- Title: Ra'is al-Tibb ("Chief of Medicine")

Personal life
- Born: 1170 CE
- Died: 1230 CE
- Era: Ayyubid
- Region: Egypt and Syria
- Main interest: Medicine

Religious life
- Religion: Islam

Muslim leader
- Influenced Ibn al-Nafis, Ibn Abi Usaibia;

= Al-Dakhwar =

13th-century Arab physician

Muhadhdhabuddin Abd al-Rahim bin Ali bin Hamid al-Dimashqi (مهذب الدين عبد الرحيم بن علي بن حامد الدمشقي) known as al-Dakhwar (الدخوار) (1170–1230) was a leading Arab physician who served various rulers of the Ayyubid dynasty. He was also administratively responsible for medicine in Cairo and Damascus.
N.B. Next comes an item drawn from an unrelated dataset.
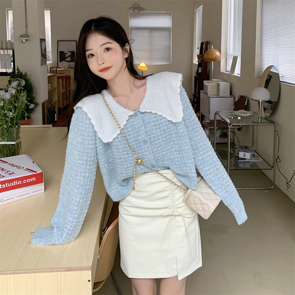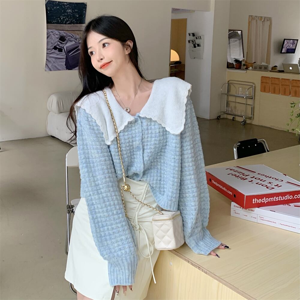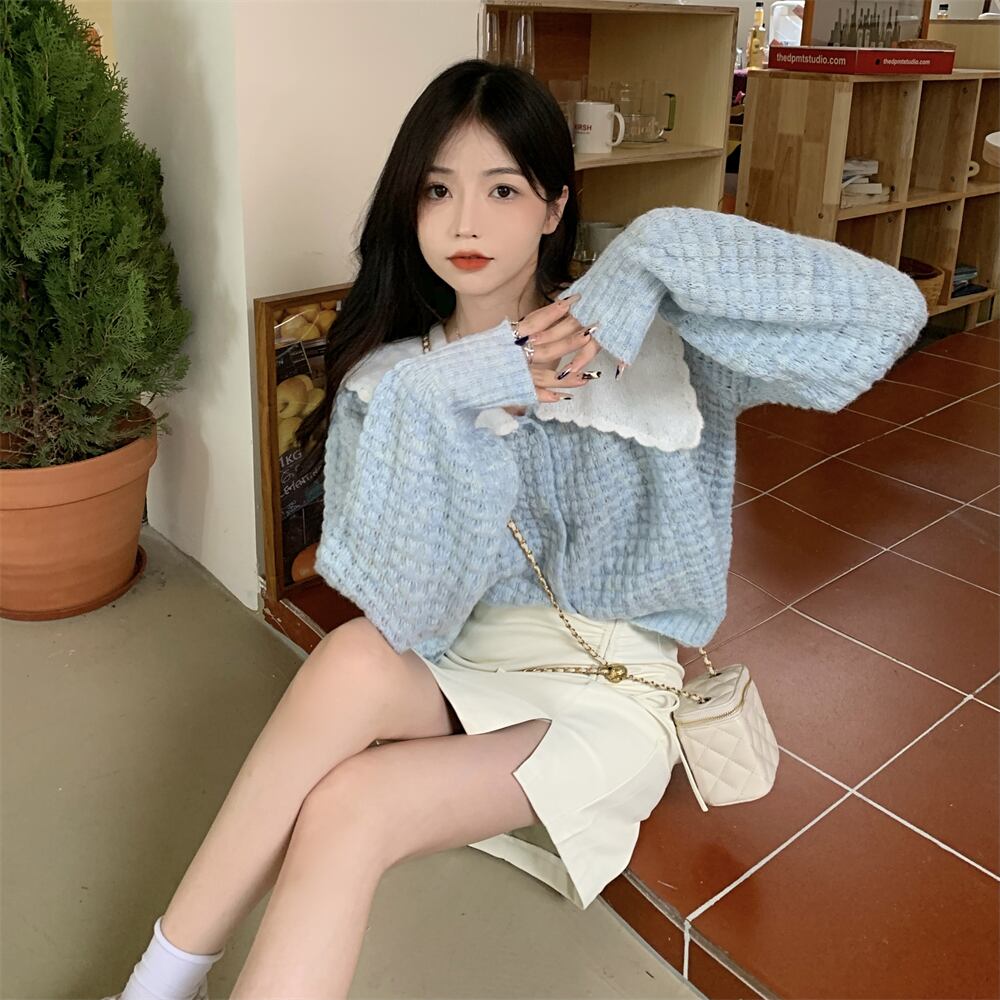 ブルーセーター コート スプリング秋物韓国ファッションスタイルニットトップス 大人ガーリー スウィート キュート カジュアル 春物 オータム DOLL49212246978 | pleglad Dorothy

Al-Dakhwar educated or influenced most of the prominent physicians of Egypt and Syria in the century, including writer Ibn Abi Usaibia and Ibn al-Nafis, the discoverer of blood circulation in the human body.

==Early life==
Al-Dakhwar was born and brought up in Damascus as the son of an oculist. Initially, he too was an oculist at the Nuri Hospital of Damascus, but afterward he studied medicine with Ibn al-Matran.

==Physician of the Ayyubids==
In 1208, al-Adil, the Sultan of Egypt, told his vizier al-Sahib ibn Shukur, that he was in need of another physician with the equivalent skill of the chief of medicine at the time, Abd al-Aziz al-Sulami. Al-Adil believed that al-Sulami was busy enough serving as physician of the army. Ibn Shukur recommended al-Dakhwar for the post and offered him 30 dinars a month. Al-Dakhwar turned him down, citing that al-Sulami receives 100 dinars a month and stating "I know my ability in this field and I will not take less!" Al-Sulami died on June 7 and soon after al-Dakhwar himself came into contact with al-Adil, and the latter was greatly impressed by him. He not only appointed him as his personal physician, but also as one of his confidants.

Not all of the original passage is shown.